And then — and here’s the part that is so bizarre that it takes a while to really believe it — “citizen scientist” and creationist Forrest Mims apparently heard Pianka give a talk, and decided that Pianka is advocating that we release a virus to kill 90% of the Earth’s population. Completely untrue, of course; just a simple-minded and mean-spirited twisting of the guy’s words. Even from the original story, you could tell that there was a serious disconnect between portrayal and reality — the actual quotes from Pianka didn’t measure up to the surrounding alarmist hysteria.

But the right-wing/creationist blogosphere has gone completely nutso over this. I thought my fellow left-wing/scientific friends might be exaggerating the reaction a bit, but it’s true — dozens of posts about the crazy “Dr. Doom” who longs to bring down our civilization through bioterrorism. ID advocate (and tireless defender of academic freedom!) William Dembski has taken the obvious step for someone who is unhinged but nevertheless concerned — he has reported Pianka to the Department of Homeland Security. A good summary of the craziness has been written by Nick Matzke at the Panda’s Thumb; more coverage from PZ Myers (and here), Ed Brayton, Wesley Elsberry (and here), and DarkSyde (and here).

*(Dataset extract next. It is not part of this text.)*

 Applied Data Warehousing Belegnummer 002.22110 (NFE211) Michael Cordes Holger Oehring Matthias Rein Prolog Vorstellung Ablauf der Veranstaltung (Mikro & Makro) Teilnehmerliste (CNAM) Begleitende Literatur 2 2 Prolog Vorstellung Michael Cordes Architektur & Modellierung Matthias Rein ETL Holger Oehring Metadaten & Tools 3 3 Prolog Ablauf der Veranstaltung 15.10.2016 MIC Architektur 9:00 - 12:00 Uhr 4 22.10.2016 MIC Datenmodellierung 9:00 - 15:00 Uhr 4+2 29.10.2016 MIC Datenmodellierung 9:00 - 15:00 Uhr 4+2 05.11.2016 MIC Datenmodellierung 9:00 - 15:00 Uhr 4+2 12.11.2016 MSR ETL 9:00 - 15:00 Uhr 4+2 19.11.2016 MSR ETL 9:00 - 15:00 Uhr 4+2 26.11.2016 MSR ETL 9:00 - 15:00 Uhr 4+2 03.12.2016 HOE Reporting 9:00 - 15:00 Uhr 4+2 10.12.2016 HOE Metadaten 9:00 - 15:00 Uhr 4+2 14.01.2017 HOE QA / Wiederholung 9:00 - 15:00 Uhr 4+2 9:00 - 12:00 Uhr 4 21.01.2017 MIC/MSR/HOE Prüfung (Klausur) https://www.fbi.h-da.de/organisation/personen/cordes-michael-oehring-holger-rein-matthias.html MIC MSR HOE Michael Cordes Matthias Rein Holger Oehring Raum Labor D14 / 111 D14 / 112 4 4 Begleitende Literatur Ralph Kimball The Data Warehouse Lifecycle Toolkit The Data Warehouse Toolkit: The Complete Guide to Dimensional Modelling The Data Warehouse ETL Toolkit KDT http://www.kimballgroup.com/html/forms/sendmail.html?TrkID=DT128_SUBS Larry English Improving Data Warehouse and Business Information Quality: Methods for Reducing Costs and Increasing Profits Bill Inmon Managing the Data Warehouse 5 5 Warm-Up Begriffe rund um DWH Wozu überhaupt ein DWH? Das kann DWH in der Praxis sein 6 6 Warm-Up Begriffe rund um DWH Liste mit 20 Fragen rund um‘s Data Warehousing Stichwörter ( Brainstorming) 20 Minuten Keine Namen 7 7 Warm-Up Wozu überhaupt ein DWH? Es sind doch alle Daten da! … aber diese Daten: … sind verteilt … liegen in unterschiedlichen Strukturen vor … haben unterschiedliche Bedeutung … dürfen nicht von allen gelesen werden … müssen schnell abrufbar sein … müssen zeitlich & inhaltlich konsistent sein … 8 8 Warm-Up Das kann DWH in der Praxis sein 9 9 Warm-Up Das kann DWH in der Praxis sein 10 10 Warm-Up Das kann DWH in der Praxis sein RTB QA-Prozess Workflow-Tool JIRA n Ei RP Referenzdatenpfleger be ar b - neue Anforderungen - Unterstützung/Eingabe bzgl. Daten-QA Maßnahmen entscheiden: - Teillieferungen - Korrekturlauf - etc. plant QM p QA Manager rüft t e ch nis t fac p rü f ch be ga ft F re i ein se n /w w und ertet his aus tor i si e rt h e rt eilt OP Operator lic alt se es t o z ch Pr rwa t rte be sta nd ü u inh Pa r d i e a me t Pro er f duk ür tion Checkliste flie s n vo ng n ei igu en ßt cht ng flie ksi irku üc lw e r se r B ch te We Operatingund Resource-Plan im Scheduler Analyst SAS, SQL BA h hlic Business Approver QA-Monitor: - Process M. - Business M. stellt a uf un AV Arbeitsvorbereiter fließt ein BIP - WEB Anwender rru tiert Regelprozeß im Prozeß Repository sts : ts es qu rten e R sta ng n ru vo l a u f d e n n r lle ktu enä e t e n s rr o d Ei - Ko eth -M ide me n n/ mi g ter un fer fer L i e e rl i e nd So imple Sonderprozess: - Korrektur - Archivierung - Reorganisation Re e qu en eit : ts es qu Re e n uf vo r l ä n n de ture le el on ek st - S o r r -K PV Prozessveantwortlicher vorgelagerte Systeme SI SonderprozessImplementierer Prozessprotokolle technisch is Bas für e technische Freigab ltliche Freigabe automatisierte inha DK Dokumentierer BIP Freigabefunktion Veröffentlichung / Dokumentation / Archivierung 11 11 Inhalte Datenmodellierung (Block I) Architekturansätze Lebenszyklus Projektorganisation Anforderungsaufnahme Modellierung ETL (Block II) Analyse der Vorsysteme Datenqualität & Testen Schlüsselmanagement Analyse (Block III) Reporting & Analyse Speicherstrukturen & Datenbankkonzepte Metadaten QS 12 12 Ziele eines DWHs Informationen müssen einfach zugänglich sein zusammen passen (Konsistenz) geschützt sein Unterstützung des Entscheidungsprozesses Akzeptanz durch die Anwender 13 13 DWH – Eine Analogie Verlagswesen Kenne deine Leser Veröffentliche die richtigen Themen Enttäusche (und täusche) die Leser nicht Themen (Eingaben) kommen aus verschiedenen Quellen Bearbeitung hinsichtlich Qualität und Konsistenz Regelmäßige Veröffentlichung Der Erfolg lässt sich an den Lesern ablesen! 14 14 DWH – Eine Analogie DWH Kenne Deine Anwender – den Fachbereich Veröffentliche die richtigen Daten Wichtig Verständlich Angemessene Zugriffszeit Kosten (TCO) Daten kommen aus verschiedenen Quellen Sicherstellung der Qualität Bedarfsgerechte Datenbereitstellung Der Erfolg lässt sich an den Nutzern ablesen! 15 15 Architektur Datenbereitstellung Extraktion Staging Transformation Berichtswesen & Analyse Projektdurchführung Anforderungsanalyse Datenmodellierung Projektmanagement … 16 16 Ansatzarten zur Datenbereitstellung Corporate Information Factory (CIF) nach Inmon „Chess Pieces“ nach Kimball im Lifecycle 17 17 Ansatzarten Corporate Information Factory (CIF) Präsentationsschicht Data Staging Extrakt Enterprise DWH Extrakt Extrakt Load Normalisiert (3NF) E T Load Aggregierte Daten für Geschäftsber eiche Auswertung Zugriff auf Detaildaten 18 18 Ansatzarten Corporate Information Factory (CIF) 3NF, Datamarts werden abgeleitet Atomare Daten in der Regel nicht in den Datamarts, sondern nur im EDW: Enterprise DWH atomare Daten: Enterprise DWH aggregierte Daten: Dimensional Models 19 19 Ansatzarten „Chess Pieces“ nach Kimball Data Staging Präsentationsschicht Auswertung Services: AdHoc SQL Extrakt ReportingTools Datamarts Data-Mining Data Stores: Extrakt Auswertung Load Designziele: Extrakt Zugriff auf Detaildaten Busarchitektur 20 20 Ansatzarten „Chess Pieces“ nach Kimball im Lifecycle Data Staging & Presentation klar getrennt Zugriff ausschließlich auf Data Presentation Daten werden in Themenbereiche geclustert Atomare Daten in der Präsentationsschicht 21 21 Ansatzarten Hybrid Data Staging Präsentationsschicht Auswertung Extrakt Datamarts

There’s a lesson here, although damned if I can figure out what it is. PZ thinks that these people are just anti-academic, and that it’s part of a campaign to discredit the very notion of expertise. But I suspect that it’s less calculated than that — we’re talking about folks who find it completely plausible to imagine that liberal biology professors are eager to wipe out most of the human race. The basic cognitive short-circuit seems to be an inability to understand the difference between a sentiment of the form “A human population of one billion is more ecologically sustainable than one of six billion” and something like “I would like to personally murder five out of every six living people.” It’s the right-wing equivalent of people who think that the 9/11 attacks were orchestrated by Halliburton and/or the Mossad. Except that it’s not a fringe movement; the buzz is all over the right hemiblogosphere, and was straightforwardly reported by Matt Drudge and others.

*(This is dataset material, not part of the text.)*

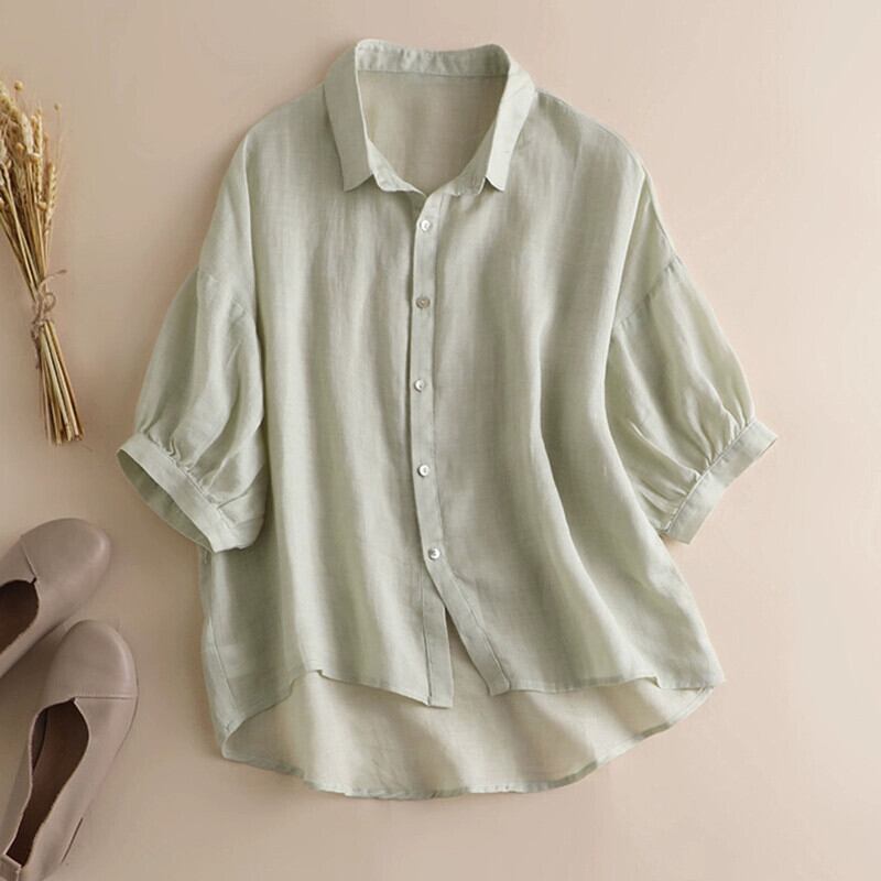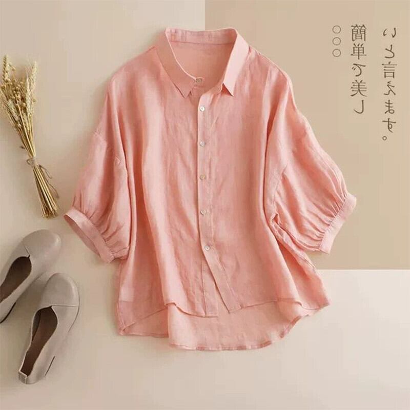 特別オファー〜エドコットンとリネンの半袖レディースシャツ、芸術的でルーズなカジュアルな薄いランタンスリーブのリネントップス sine3988468310

Next time I mention that a decay of our vacuum state via bubble nucleation could wipe out life on Earth, I’ll make sure there aren’t any creationists in the audience. I can’t imagine explaining that to the Department of Homeland Security.

  • http://mixingmemory.blogspot.com Chris

    I’ve got to agree with your take: this is just what liberal, atheistic scientists, especially biologists, are supposed to be doing: advocating or carrying out the destruction of mankind. I honestly think that Dembski is (just) bright enough to suspect that there might be some untruth in Mims account, but Dembski is also (just) bright enough to recognize that this story will play to his audience’s stereotypes and paranoia, and further his own agenda.

  • Spatulated

    I saw this on digg.com. It’s ridiculous, one guy, one in a room of a few hundred (and that’s a number he gave himself) is the only one smart enough to notice the conspiracy of academia and the only one moral enough to be offended? Savior complex, anyone?

    oh and hi, i am new to this blog. love what i have read, i have been looking for a good science blog for a while and this one seems to fit pretty well.

  • Tom Ames

    It’s important to remember that last year the Discovery Institute hired Creative Response Concepts, the PR firm that helped the “Swift Boat Veterans” smear John Kerry.

    It’s quite possible that this latest assault is part of a coordinated campaign.

  • http://www.badastronomy.com/bablog Phil Plait, aka The Bad Astronomer

    I chimed in on this as well. Dembski sickens me.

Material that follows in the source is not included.